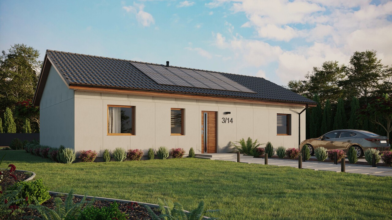 Projekt domu ERDOL 3 XL o powierzchni 97 m² (151 m² w wersji z poddaszem użytkowym) to projekt dla osób, które pragną mieć więcej wygodnej przestrzeni na co dzień. Dom w tej wersji to wydłużony ERDOL 3, dzięki czemu udało się zwiększyć powierzchnię salonu oraz wygospodarować osobną klatkę schodową (dla wersji z poddaszem użytkowym) lub dodatkowe pomieszczenie gospodarcze (dla wersji bez poddasza użytkowego). Jeśli zależy Ci na większym metrażu, ten projekt jest idealny dla Ciebie. Zastosowane w nim nowoczesne technologie i ekologiczne rozwiązania, sprawiają, że jest to dom energooszczędny, który funkcjonuje w harmonii z naturą. Do budowy wykorzystuje się drewno KVH stanowiące podstawę całej konstrukcji. Odpowiednio dobrane materiały izolacyjne sprawiają, że dom chroniony jest przed stratami ciepła.
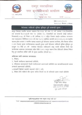 » बेरोजगार व्यक्तिको सूचिमा सूचिकृत हुने सम्बन्धी सूचना ।
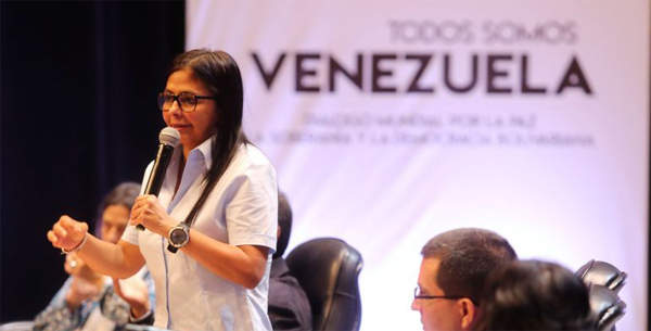En sus intervenciones durante el evento, Rodríguez afirmó que Venezuela se halla en medio de una guerra no convencional, como la que han experimentado otros pueblos del mundo no alineado. Los caminos de intervención que se han ido construyendo, explicó, han sido los de atacar el orden democrático y construir la idea de una crisis humanitaria
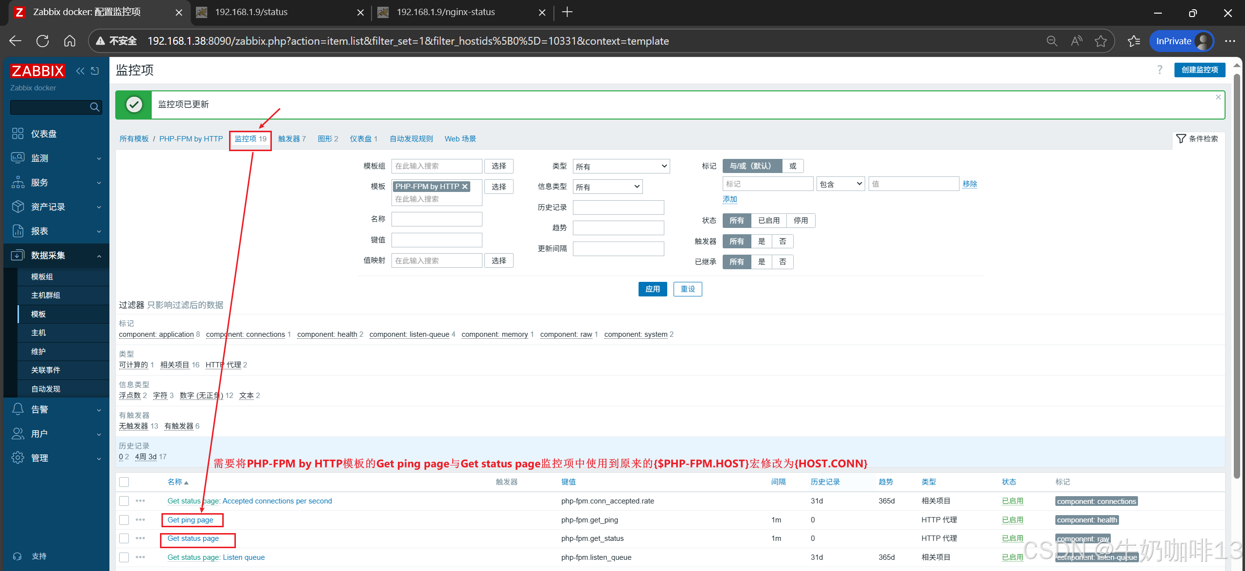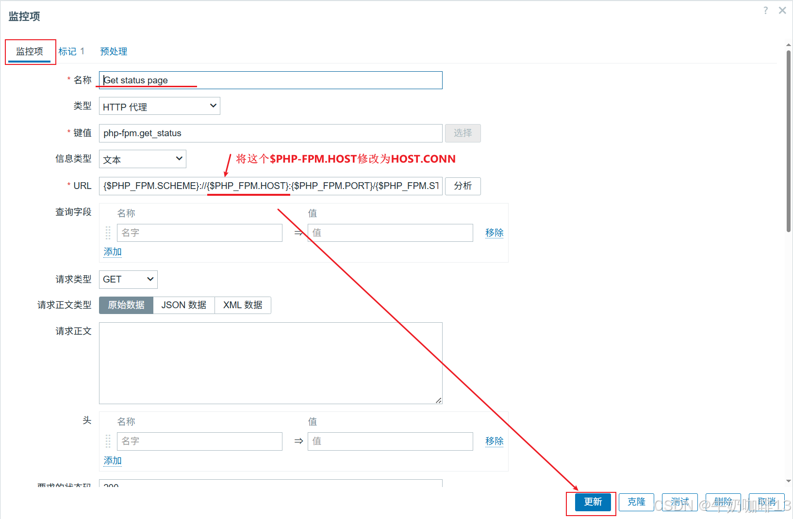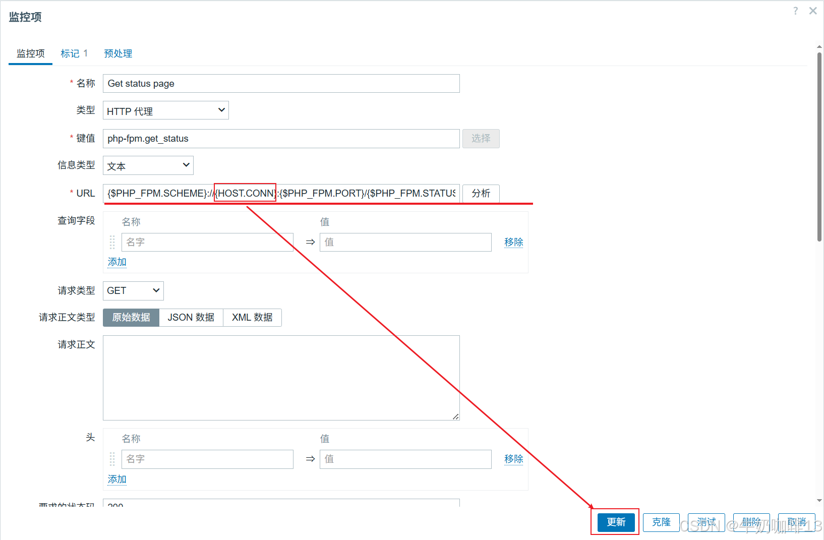 ②是将【PHP-FPM by HTTP】模板里面的【Get status page】监控项中的【URL】内容的宏变量{$PHP_FPM.HOST}修改为{HOST.CONN}。
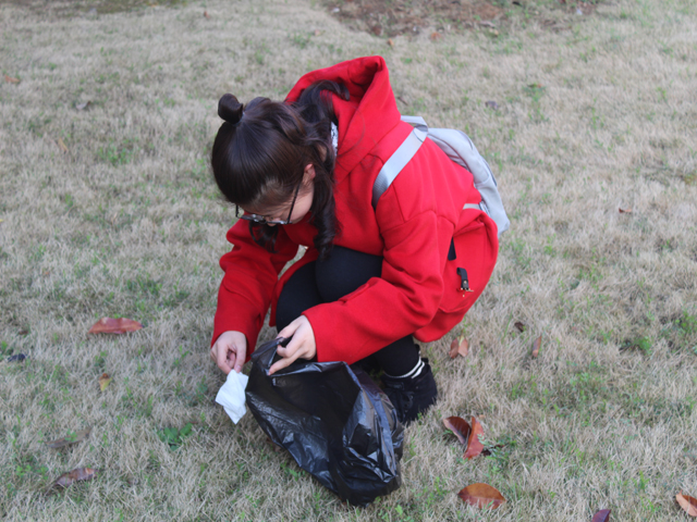 上午8点,志愿者们在36栋宿舍楼下集合完毕,一同前往公司的绿化责任区。到达责任区后,志愿者们便开始进行清扫的工作。在志愿服务活动中,志愿者们认真清扫绿化责任区中的杂物,将草坪中的纸屑、塑料袋等垃圾一一捡起,放至垃圾袋中。蹲下,伸手,拾起,放入,简简单单的动作,却包含着志愿者们奉献美丽校园,服务社会的一颗颗热忱的心。虽然志愿的过程是辛苦的,但是看着花津河畔的绿地变得更加整洁,其带来的结果却是欢乐和幸福的。接近一个小时的志愿服务活动结束后,志愿者们看到焕然一新的绿化责任区,都绽放出灿烂满意的笑容。
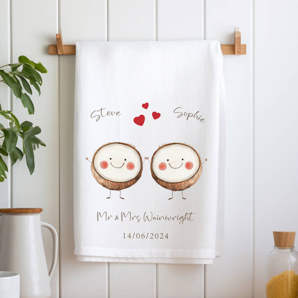 Personalised Coconuts Wedding Anniversary Tea Towel Gift
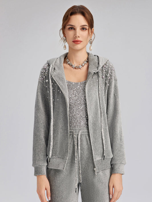 33% İndirimŞönil Fitilli Boncuklu Kapüşonlu Fermuarlı Ceket
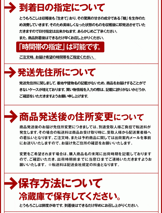 ■賞味期限:鮮度が命のとうもろこしですので、到着後はお早めにお召し上がりください。
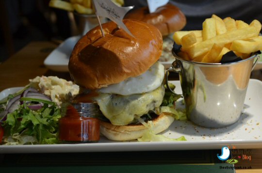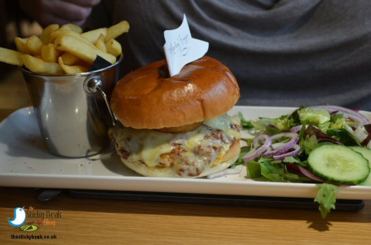 After much deliberation we decided to keep it fairly light as we have got a big lunch tomorrow with the Tribal Elders planned; I opted for the BBQ Chilli Pulled Pork and Mature Cheddar cheese hot Sandwich which comes with a bucket of chips and 2 beer battered Onion Rings. His Nibs plumped for the Mighty Morley Burger with Bacon, Cheddar, Onion Rings and Fried Egg.
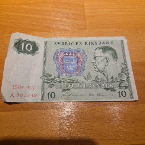 10 kr seddel 1984 s/n: 5391491. Fremstår bortimot strøken. Sendes mot forskudd. Kjøper betaler porto.
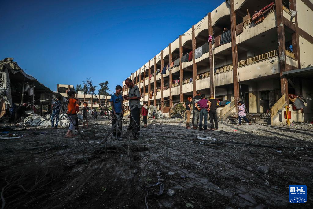 5月14日,在加沙地带北部杰巴利耶地区,巴勒斯坦人查看被以军轰炸后的废墟。
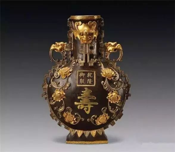 此壶为银质鎏金,刻有“大清乾隆年製”六字,盖下口近缘处铸卷浪纹。壶颈部饰一圈八宝花,腹部光素无纹,壶腹一侧有龙形把手,其上部有金链一条与盖相连,圈足饰垂莲瓣纹。该壶造型体现了乾隆盛世精湛的工艺和高雅的审美情趣。

# [Activity]
The lines to copy begin at the one containing "②是将【PHP-FPM by HTTP】模板里面的【Get" and end at the last line of the records. Set down exactly those lines and no others, both ends included, and omit all pictures.

# [Task solution]
 ②是将【PHP-FPM by HTTP】模板里面的【Get status page】监控项中的【URL】内容的宏变量{$PHP_FPM.HOST}修改为{HOST.CONN}。
 上午8点,志愿者们在36栋宿舍楼下集合完毕,一同前往公司的绿化责任区。到达责任区后,志愿者们便开始进行清扫的工作。在志愿服务活动中,志愿者们认真清扫绿化责任区中的杂物,将草坪中的纸屑、塑料袋等垃圾一一捡起,放至垃圾袋中。蹲下,伸手,拾起,放入,简简单单的动作,却包含着志愿者们奉献美丽校园,服务社会的一颗颗热忱的心。虽然志愿的过程是辛苦的,但是看着花津河畔的绿地变得更加整洁,其带来的结果却是欢乐和幸福的。接近一个小时的志愿服务活动结束后,志愿者们看到焕然一新的绿化责任区,都绽放出灿烂满意的笑容。
 Personalised Coconuts Wedding Anniversary Tea Towel Gift
 33% İndirimŞönil Fitilli Boncuklu Kapüşonlu Fermuarlı Ceket
 ■賞味期限:鮮度が命のとうもろこしですので、到着後はお早めにお召し上がりください。
 After much deliberation we decided to keep it fairly light as we have got a big lunch tomorrow with the Tribal Elders planned; I opted for the BBQ Chilli Pulled Pork and Mature Cheddar cheese hot Sandwich which comes with a bucket of chips and 2 beer battered Onion Rings. His Nibs plumped for the Mighty Morley Burger with Bacon, Cheddar, Onion Rings and Fried Egg.
 10 kr seddel 1984 s/n: 5391491. Fremstår bortimot strøken. Sendes mot forskudd. Kjøper betaler porto.
 5月14日,在加沙地带北部杰巴利耶地区,巴勒斯坦人查看被以军轰炸后的废墟。
 此壶为银质鎏金,刻有“大清乾隆年製”六字,盖下口近缘处铸卷浪纹。壶颈部饰一圈八宝花,腹部光素无纹,壶腹一侧有龙形把手,其上部有金链一条与盖相连,圈足饰垂莲瓣纹。该壶造型体现了乾隆盛世精湛的工艺和高雅的审美情趣。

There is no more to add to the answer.